[REQUIRED WORK]:
Word for word, copy the lines beginning at the one with "曲谱介绍: Cannie《遥" and ending at the last line below; pictures stay out.

[DATA BLOCK]:
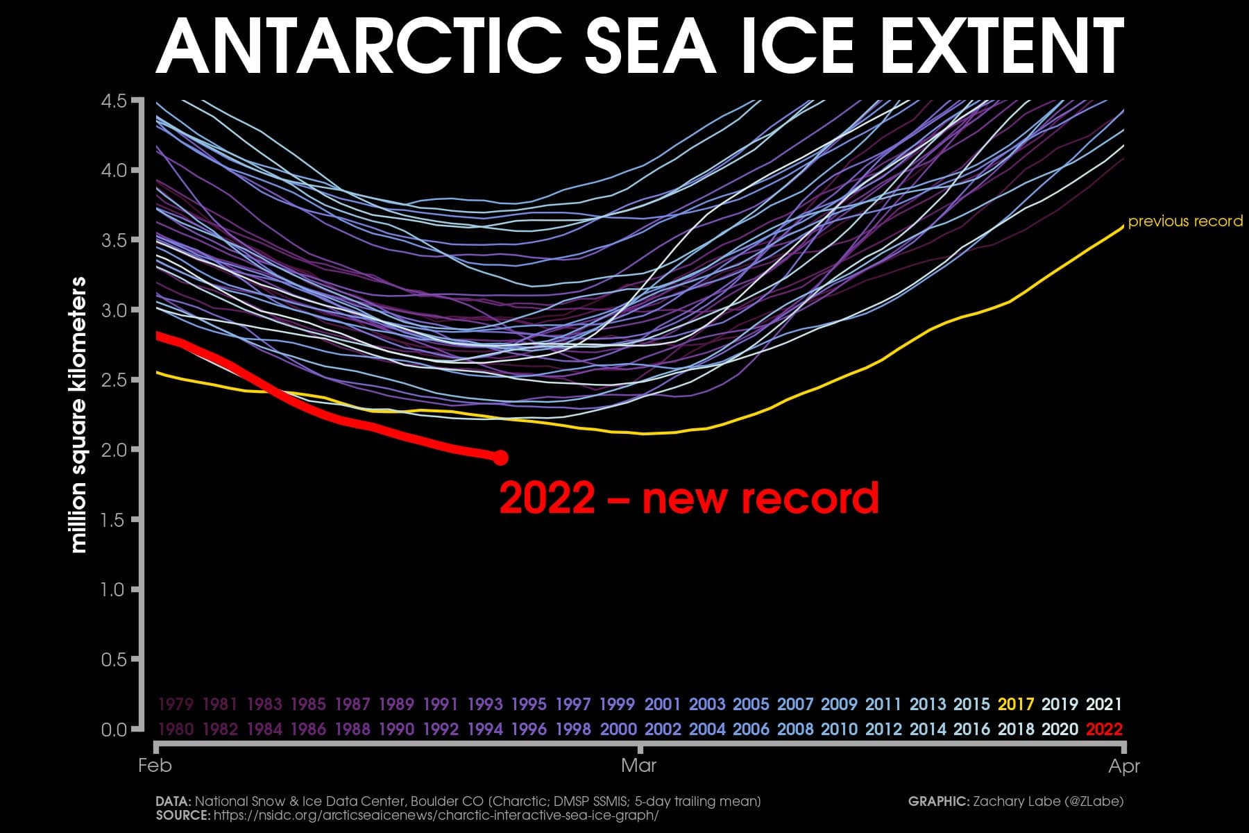 La banquise antarctique atteint généralement son minimum annuel à la fin de l'été austral, soit entre la mi-février et le début du mois de mars avec une moyenne de 2,80millions de km² sur la période 1981-2010. Le record bas était jusqu'à présent détenu par l'année 2017 avec un minimum annuel de 2,17 millions de km² le 3 mars.
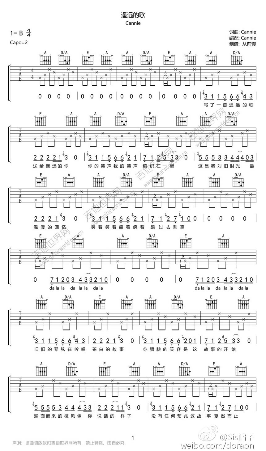 曲谱介绍: Cannie《遥远的歌》吉他弹唱谱,采用A调指法编配原版,共有2张高清图谱,免翻页排版设计。
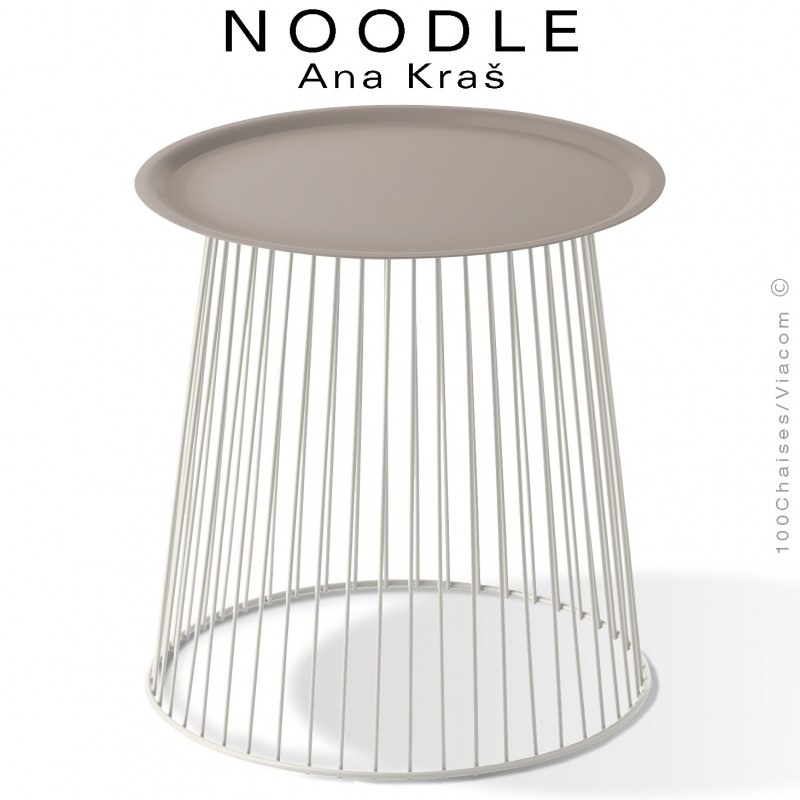 Table basse ronde design NOODLE, pour les hôtels, restaurants, CHR, ou l'élément décoratif de votre salon. Structure, pied en fil d'acier rond, retournable. Plateau Ø42 cm., amovible en tôle d'acier peinte. Disponible dans une large gamme de textures et de couleurs (12 possibilités de couleurs). Version d'extérieur avec cataphorèse (sur demande). Vos demandes de finition spéciale : commandes@100chaises.fr

[TASK RESPONSE]:
 曲谱介绍: Cannie《遥远的歌》吉他弹唱谱,采用A调指法编配原版,共有2张高清图谱,免翻页排版设计。
 Table basse ronde design NOODLE, pour les hôtels, restaurants, CHR, ou l'élément décoratif de votre salon. Structure, pied en fil d'acier rond, retournable. Plateau Ø42 cm., amovible en tôle d'acier peinte. Disponible dans une large gamme de textures et de couleurs (12 possibilités de couleurs). Version d'extérieur avec cataphorèse (sur demande). Vos demandes de finition spéciale : commandes@100chaises.fr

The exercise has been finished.